BEGIN Record set
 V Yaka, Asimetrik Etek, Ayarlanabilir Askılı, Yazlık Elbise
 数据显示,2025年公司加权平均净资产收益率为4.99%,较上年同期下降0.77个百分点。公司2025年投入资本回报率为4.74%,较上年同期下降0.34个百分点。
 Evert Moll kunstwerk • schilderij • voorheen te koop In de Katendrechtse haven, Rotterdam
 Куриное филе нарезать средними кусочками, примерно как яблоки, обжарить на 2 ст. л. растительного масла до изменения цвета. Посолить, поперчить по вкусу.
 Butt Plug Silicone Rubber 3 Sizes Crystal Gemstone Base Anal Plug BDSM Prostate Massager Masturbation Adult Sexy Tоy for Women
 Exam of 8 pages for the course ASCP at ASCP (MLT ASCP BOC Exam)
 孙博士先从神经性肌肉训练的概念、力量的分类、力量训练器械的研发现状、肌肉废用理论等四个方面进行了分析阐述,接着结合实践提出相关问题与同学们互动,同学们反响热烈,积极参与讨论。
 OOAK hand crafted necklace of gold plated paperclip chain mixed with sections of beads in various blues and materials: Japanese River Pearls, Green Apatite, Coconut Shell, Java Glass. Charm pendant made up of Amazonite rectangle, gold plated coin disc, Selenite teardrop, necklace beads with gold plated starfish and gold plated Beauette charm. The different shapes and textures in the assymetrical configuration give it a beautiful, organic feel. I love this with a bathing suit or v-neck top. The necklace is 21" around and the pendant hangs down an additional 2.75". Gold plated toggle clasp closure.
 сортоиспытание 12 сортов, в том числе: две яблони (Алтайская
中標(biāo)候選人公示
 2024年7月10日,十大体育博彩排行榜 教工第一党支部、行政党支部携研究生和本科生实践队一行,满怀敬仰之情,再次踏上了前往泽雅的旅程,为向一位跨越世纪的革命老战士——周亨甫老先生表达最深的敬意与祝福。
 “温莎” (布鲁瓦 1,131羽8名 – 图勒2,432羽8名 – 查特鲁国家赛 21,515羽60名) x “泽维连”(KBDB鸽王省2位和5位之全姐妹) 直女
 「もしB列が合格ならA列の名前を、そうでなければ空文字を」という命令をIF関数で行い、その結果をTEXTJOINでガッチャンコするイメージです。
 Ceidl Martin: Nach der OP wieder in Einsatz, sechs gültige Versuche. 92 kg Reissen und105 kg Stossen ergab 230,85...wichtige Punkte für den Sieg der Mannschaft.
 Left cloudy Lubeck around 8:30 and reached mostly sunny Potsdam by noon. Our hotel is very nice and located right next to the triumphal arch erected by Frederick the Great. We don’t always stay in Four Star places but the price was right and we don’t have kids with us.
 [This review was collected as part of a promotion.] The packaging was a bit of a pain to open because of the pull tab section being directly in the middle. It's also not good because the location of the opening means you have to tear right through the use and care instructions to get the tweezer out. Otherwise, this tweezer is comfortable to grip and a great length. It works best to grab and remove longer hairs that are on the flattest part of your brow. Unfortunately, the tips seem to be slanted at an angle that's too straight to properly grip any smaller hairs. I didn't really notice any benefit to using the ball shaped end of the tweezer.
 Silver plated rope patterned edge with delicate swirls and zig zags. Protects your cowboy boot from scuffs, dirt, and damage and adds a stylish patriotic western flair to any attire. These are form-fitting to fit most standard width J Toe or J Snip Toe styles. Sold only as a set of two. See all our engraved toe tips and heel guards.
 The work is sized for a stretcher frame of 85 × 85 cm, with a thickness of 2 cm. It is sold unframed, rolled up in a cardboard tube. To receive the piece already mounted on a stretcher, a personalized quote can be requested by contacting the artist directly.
END Record set
Brief:
Could you transcribe the entries above word for word, from the line with "Куриное филе нарезать" down to the line with "孙博士先从神经性肌肉训练的概", keeping both?

Task answer:
 Куриное филе нарезать средними кусочками, примерно как яблоки, обжарить на 2 ст. л. растительного масла до изменения цвета. Посолить, поперчить по вкусу.
 Butt Plug Silicone Rubber 3 Sizes Crystal Gemstone Base Anal Plug BDSM Prostate Massager Masturbation Adult Sexy Tоy for Women
 Exam of 8 pages for the course ASCP at ASCP (MLT ASCP BOC Exam)
 孙博士先从神经性肌肉训练的概念、力量的分类、力量训练器械的研发现状、肌肉废用理论等四个方面进行了分析阐述,接着结合实践提出相关问题与同学们互动,同学们反响热烈,积极参与讨论。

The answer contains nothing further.